■ **How to complete this task**:
Everything in the records must be restated exactly, apart from the pictures.

■ **Information provided**:

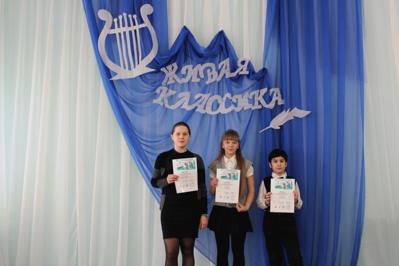 13 марта на базе Дома Детского творчества прошел районный этап конкурса юных чтецов "Живая классика". От нашей школы приняли участие победители школьного этапа конкурса "Живая классика" - Шихмагомедов Тимур, Толкачева Диана и Тифантьева Феона. Огромная благодарность учителям русского языка и литературы Штурминой М.Н. и Филатовой Т.А. за подготовку участников к конкурсу.
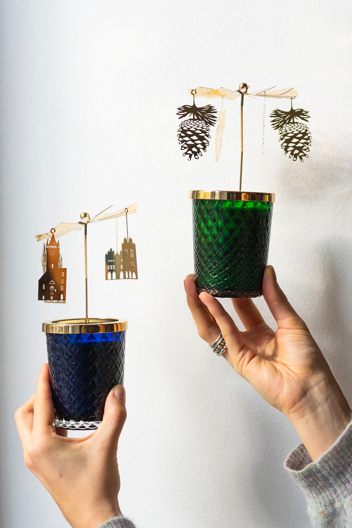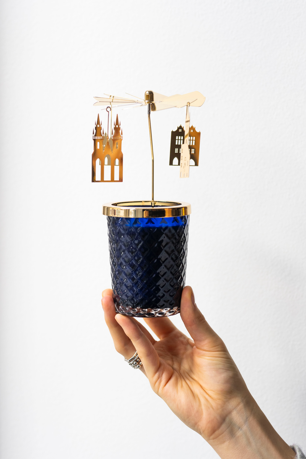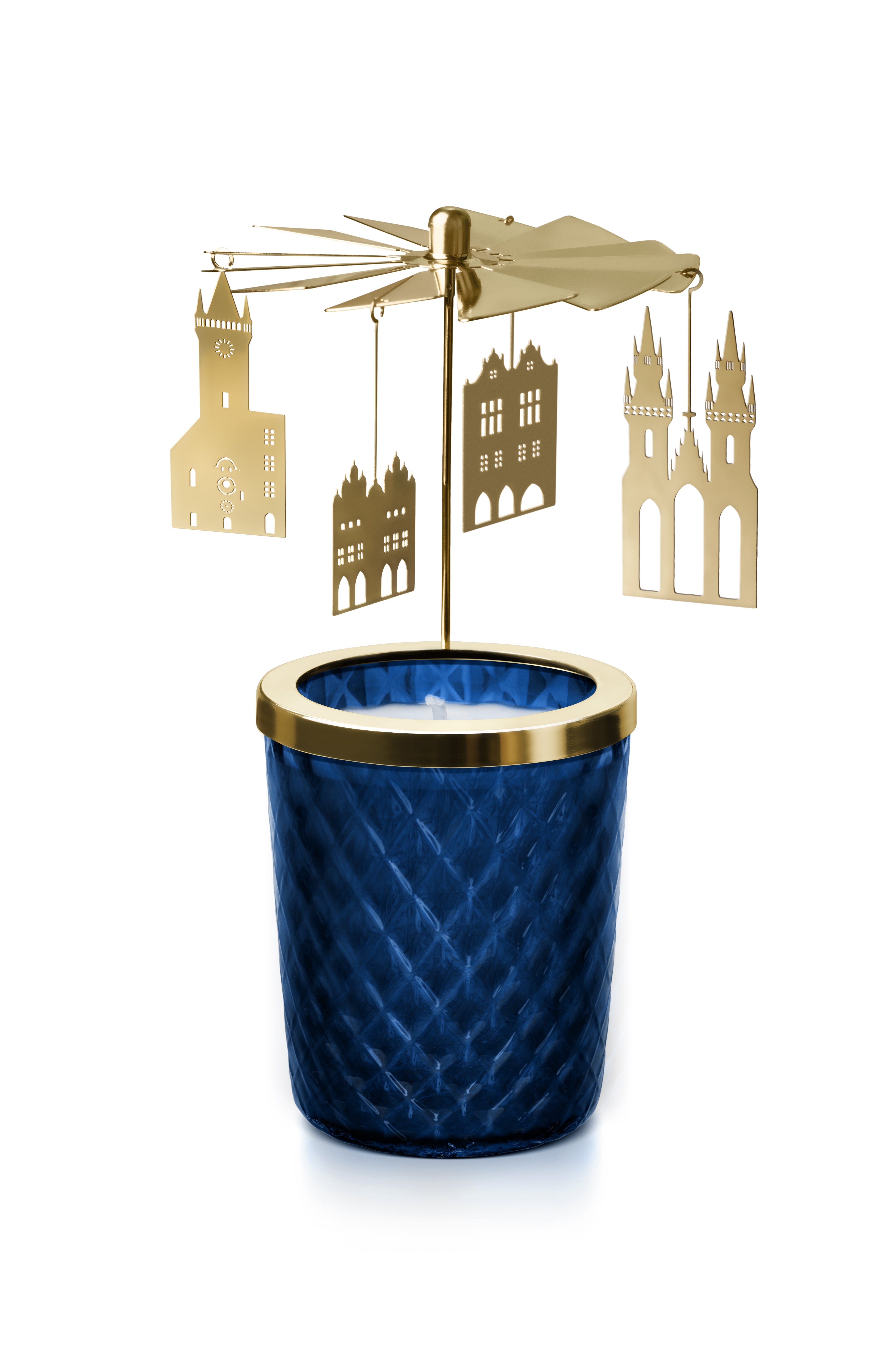 Mystická vůně Black Madonna se tuto sezonu představuje v novém světle. Sklo má barvu půlnoční oblohy a je doplněno o otáčivý kolotoč s motivy domů na Staroměstském náměstí. Zveme vás na procházku noční Prahou prozářenou měkkým světlem luceren. Vaše smysly pokouší vůně posvátného kadidla s pikantním akcentem skořicové kůry. Svěží vůni jedle v samém srdci svíčky provází hřejivý dotek jantaru, který svíčce dodává nečekanou hloubku. Zbývá jen zasvětit noc tajemnému prožitku. Magickou Prahu na dárkové krabičce navrhl grafik Jan Košátko, kterého jsme pro tuto sváteční příležitost přizvali ke spolupráci. Jemné zlaté motivy na modrém papíře evokují noční procházky historickou Prahou. Autorkou motivů pražských domů na otáčivém kolotoči je česká designérka Tereza Hradilková. Jedná se o uměleckou ruční práci s precizním laserovým výsekem.
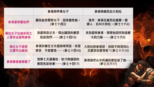 分享:在聖經中,記載了參孫的三段情,分別是亭拿女子、迦薩妓女及梭烈谷大利拉。其中關於亭拿女子(參士師記十四1-19)及梭烈谷大利拉 (參士師記十六4-22) 的記載較長,也有其相似之處。對比兩處記載,讓我們看到參孫重複犯上同一錯誤 *。首先,參孫都深愛他們;然後,兩位女子也被非利士人要求去誆哄參孫;繼而,兩位女子都是以愛作威迫的藉口;最後,參孫最後都就範了。
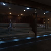 This Health Spa Lounge and Sauna scene consists of multiple entrances with functional doors at each. The main entrance joins with the Health Spa Reception (I've included an image to show the two sets used together); There is a short passageway to a back area which has two doors that can lead to additional rooms/environments and it is my intention for the future to expand further on this series. The main area consists of a large furnished lounge where one of the corner areas offers basic amenities for refreshments. This scene, however, is not only a lounge; it is partitioned to offer an adjoining rest and relaxation room complete with fixed recliner chairs. Both the Lounge and Relaxation room have visibility through the partitions to a sauna area which is fronted with large clear glass panels and functional glass doors. So all up this is a scene that offers you, the artist, a lot of flexibility to be used in various projects.
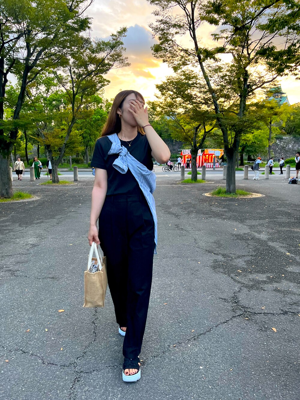 ・ ・ 最近は黒着がちなのでストライプシャツを差し色で🤞🏻💙 UNIQLO様重宝してる◎ タックワイドパンツはお世話になりまくりです😂
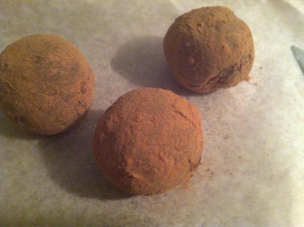 Roll in cocoa powder and fin. You can always melt almond bark and dip truffles into the chocolate. Just allow yourself time to let set up and harden. If in a pinch, dust with cocoa powder and be done.

■ **Task response**:
 13 марта на базе Дома Детского творчества прошел районный этап конкурса юных чтецов "Живая классика". От нашей школы приняли участие победители школьного этапа конкурса "Живая классика" - Шихмагомедов Тимур, Толкачева Диана и Тифантьева Феона. Огромная благодарность учителям русского языка и литературы Штурминой М.Н. и Филатовой Т.А. за подготовку участников к конкурсу.
 Mystická vůně Black Madonna se tuto sezonu představuje v novém světle. Sklo má barvu půlnoční oblohy a je doplněno o otáčivý kolotoč s motivy domů na Staroměstském náměstí. Zveme vás na procházku noční Prahou prozářenou měkkým světlem luceren. Vaše smysly pokouší vůně posvátného kadidla s pikantním akcentem skořicové kůry. Svěží vůni jedle v samém srdci svíčky provází hřejivý dotek jantaru, který svíčce dodává nečekanou hloubku. Zbývá jen zasvětit noc tajemnému prožitku. Magickou Prahu na dárkové krabičce navrhl grafik Jan Košátko, kterého jsme pro tuto sváteční příležitost přizvali ke spolupráci. Jemné zlaté motivy na modrém papíře evokují noční procházky historickou Prahou. Autorkou motivů pražských domů na otáčivém kolotoči je česká designérka Tereza Hradilková. Jedná se o uměleckou ruční práci s precizním laserovým výsekem.
 分享:在聖經中,記載了參孫的三段情,分別是亭拿女子、迦薩妓女及梭烈谷大利拉。其中關於亭拿女子(參士師記十四1-19)及梭烈谷大利拉 (參士師記十六4-22) 的記載較長,也有其相似之處。對比兩處記載,讓我們看到參孫重複犯上同一錯誤 *。首先,參孫都深愛他們;然後,兩位女子也被非利士人要求去誆哄參孫;繼而,兩位女子都是以愛作威迫的藉口;最後,參孫最後都就範了。
 This Health Spa Lounge and Sauna scene consists of multiple entrances with functional doors at each. The main entrance joins with the Health Spa Reception (I've included an image to show the two sets used together); There is a short passageway to a back area which has two doors that can lead to additional rooms/environments and it is my intention for the future to expand further on this series. The main area consists of a large furnished lounge where one of the corner areas offers basic amenities for refreshments. This scene, however, is not only a lounge; it is partitioned to offer an adjoining rest and relaxation room complete with fixed recliner chairs. Both the Lounge and Relaxation room have visibility through the partitions to a sauna area which is fronted with large clear glass panels and functional glass doors. So all up this is a scene that offers you, the artist, a lot of flexibility to be used in various projects.
 ・ ・ 最近は黒着がちなのでストライプシャツを差し色で🤞🏻💙 UNIQLO様重宝してる◎ タックワイドパンツはお世話になりまくりです😂
 Roll in cocoa powder and fin. You can always melt almond bark and dip truffles into the chocolate. Just allow yourself time to let set up and harden. If in a pinch, dust with cocoa powder and be done.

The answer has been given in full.